WHAT THE EXERCISE ASKS:
In full and exactly, please return the records, but keep out the pictures.

= = =

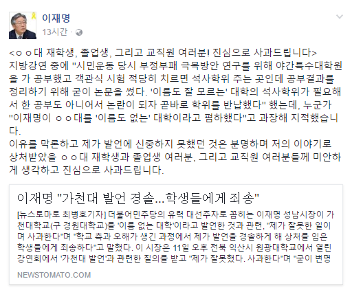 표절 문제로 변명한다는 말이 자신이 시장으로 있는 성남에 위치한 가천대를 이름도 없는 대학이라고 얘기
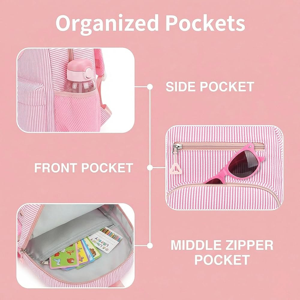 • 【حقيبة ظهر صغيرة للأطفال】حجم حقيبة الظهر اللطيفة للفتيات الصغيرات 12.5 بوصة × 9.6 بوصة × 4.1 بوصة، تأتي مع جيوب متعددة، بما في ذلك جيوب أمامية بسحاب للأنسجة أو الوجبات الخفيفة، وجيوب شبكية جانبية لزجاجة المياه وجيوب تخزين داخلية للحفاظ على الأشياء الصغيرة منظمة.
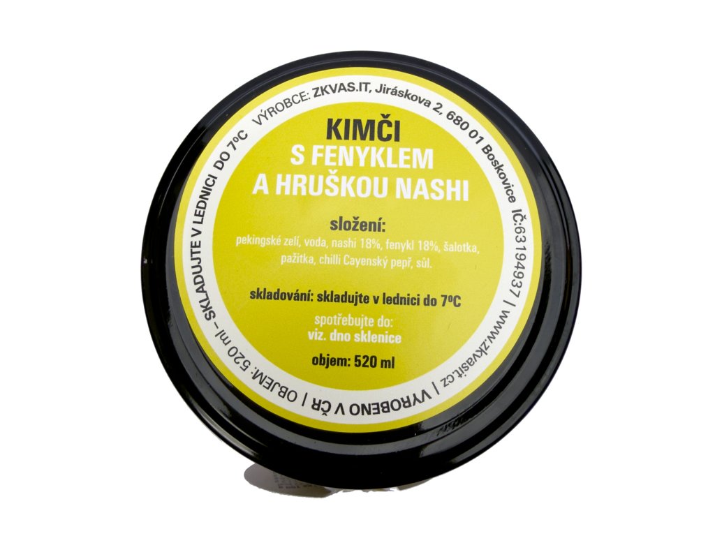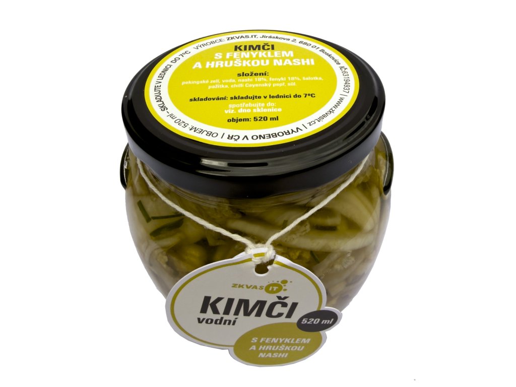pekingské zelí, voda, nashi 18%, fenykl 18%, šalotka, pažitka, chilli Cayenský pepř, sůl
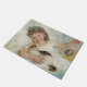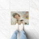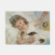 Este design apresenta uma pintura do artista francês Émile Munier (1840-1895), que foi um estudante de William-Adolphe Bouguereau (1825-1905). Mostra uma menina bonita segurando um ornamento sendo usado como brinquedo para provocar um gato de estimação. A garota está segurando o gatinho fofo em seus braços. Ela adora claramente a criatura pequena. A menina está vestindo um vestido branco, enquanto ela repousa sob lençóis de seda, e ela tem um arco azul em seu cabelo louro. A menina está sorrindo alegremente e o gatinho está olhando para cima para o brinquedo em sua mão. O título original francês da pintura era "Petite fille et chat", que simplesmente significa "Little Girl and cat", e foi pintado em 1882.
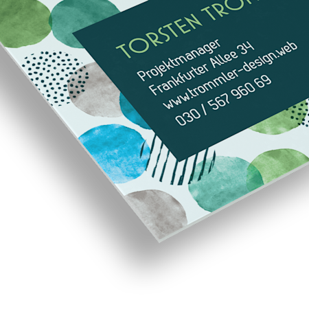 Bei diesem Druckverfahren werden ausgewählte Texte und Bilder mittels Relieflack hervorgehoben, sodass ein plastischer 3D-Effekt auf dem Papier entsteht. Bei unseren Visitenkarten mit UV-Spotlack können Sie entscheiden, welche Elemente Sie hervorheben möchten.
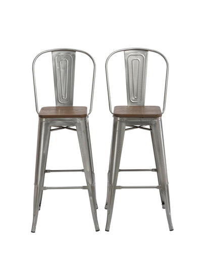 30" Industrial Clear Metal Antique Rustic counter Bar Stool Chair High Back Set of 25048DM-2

= = =

EXERCISE RESULT:
 표절 문제로 변명한다는 말이 자신이 시장으로 있는 성남에 위치한 가천대를 이름도 없는 대학이라고 얘기
 • 【حقيبة ظهر صغيرة للأطفال】حجم حقيبة الظهر اللطيفة للفتيات الصغيرات 12.5 بوصة × 9.6 بوصة × 4.1 بوصة، تأتي مع جيوب متعددة، بما في ذلك جيوب أمامية بسحاب للأنسجة أو الوجبات الخفيفة، وجيوب شبكية جانبية لزجاجة المياه وجيوب تخزين داخلية للحفاظ على الأشياء الصغيرة منظمة.
pekingské zelí, voda, nashi 18%, fenykl 18%, šalotka, pažitka, chilli Cayenský pepř, sůl
 Este design apresenta uma pintura do artista francês Émile Munier (1840-1895), que foi um estudante de William-Adolphe Bouguereau (1825-1905). Mostra uma menina bonita segurando um ornamento sendo usado como brinquedo para provocar um gato de estimação. A garota está segurando o gatinho fofo em seus braços. Ela adora claramente a criatura pequena. A menina está vestindo um vestido branco, enquanto ela repousa sob lençóis de seda, e ela tem um arco azul em seu cabelo louro. A menina está sorrindo alegremente e o gatinho está olhando para cima para o brinquedo em sua mão. O título original francês da pintura era "Petite fille et chat", que simplesmente significa "Little Girl and cat", e foi pintado em 1882.
 Bei diesem Druckverfahren werden ausgewählte Texte und Bilder mittels Relieflack hervorgehoben, sodass ein plastischer 3D-Effekt auf dem Papier entsteht. Bei unseren Visitenkarten mit UV-Spotlack können Sie entscheiden, welche Elemente Sie hervorheben möchten.
 30" Industrial Clear Metal Antique Rustic counter Bar Stool Chair High Back Set of 25048DM-2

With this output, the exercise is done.